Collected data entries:
• • • • •
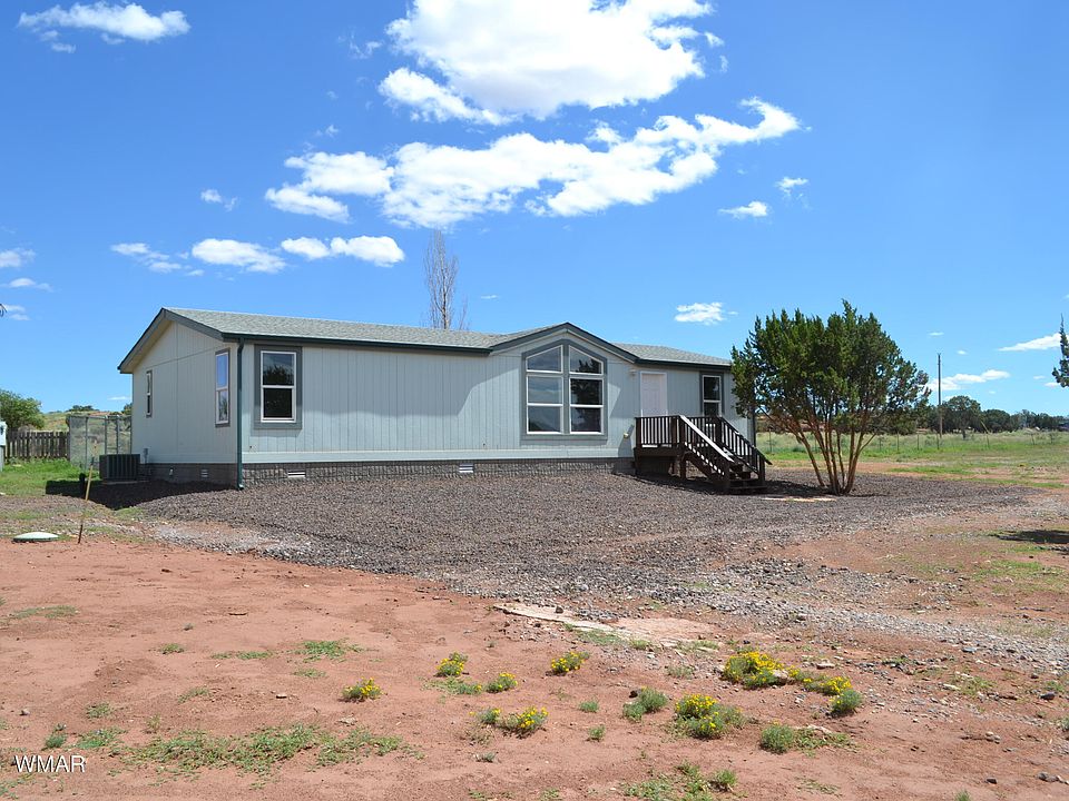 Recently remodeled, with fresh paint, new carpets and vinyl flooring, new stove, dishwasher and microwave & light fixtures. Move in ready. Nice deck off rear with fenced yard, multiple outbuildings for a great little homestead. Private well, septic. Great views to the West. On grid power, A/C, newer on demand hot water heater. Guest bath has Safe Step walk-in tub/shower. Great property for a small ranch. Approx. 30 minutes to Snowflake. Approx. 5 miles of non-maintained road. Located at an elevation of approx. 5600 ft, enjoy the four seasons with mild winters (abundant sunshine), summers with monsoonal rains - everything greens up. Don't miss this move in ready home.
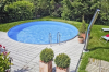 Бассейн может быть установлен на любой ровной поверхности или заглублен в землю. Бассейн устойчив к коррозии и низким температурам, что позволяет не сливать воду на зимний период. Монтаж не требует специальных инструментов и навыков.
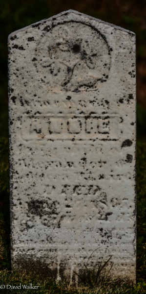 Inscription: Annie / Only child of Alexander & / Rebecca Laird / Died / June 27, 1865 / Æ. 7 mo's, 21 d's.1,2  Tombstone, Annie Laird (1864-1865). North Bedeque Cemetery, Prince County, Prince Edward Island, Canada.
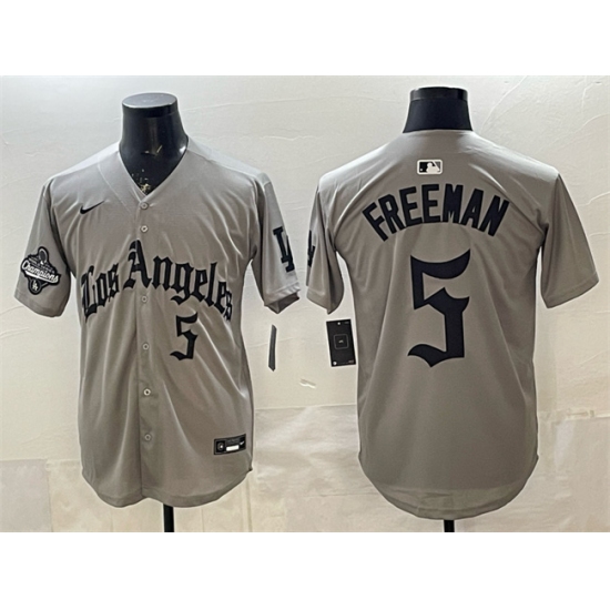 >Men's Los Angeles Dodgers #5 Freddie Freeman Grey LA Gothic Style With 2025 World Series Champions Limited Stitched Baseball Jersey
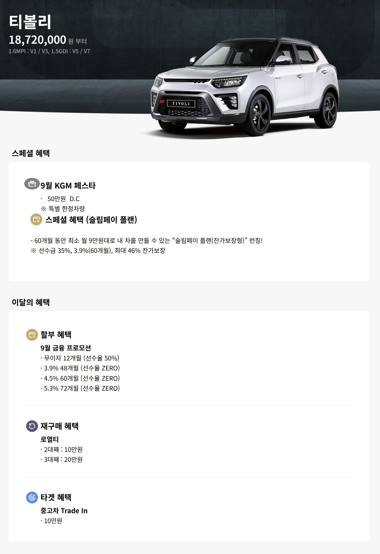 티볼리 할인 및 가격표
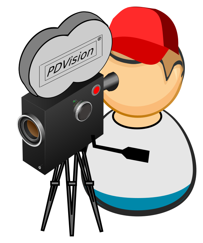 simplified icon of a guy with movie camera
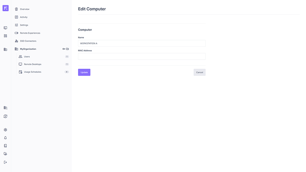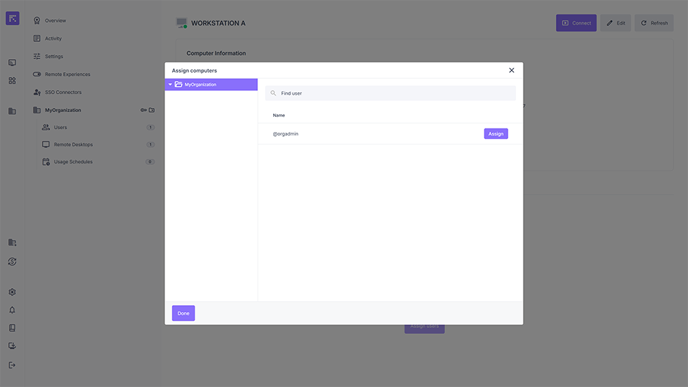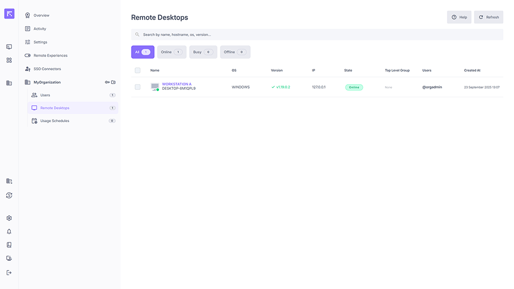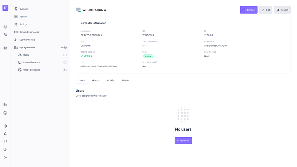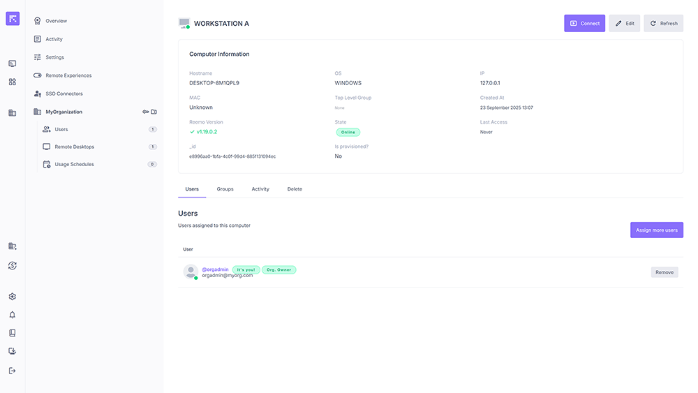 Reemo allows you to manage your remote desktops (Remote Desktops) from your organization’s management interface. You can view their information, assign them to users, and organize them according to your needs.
• • • • •
TASK TO COMPLETE: Pictures are to be left out; all else in the entries above is to be quoted exactly.

COMPLETED EXERCISE:
 Recently remodeled, with fresh paint, new carpets and vinyl flooring, new stove, dishwasher and microwave & light fixtures. Move in ready. Nice deck off rear with fenced yard, multiple outbuildings for a great little homestead. Private well, septic. Great views to the West. On grid power, A/C, newer on demand hot water heater. Guest bath has Safe Step walk-in tub/shower. Great property for a small ranch. Approx. 30 minutes to Snowflake. Approx. 5 miles of non-maintained road. Located at an elevation of approx. 5600 ft, enjoy the four seasons with mild winters (abundant sunshine), summers with monsoonal rains - everything greens up. Don't miss this move in ready home.
 Бассейн может быть установлен на любой ровной поверхности или заглублен в землю. Бассейн устойчив к коррозии и низким температурам, что позволяет не сливать воду на зимний период. Монтаж не требует специальных инструментов и навыков.
 Inscription: Annie / Only child of Alexander & / Rebecca Laird / Died / June 27, 1865 / Æ. 7 mo's, 21 d's.1,2  Tombstone, Annie Laird (1864-1865). North Bedeque Cemetery, Prince County, Prince Edward Island, Canada.
 >Men's Los Angeles Dodgers #5 Freddie Freeman Grey LA Gothic Style With 2025 World Series Champions Limited Stitched Baseball Jersey
 티볼리 할인 및 가격표
 simplified icon of a guy with movie camera
 Reemo allows you to manage your remote desktops (Remote Desktops) from your organization’s management interface. You can view their information, assign them to users, and organize them according to your needs.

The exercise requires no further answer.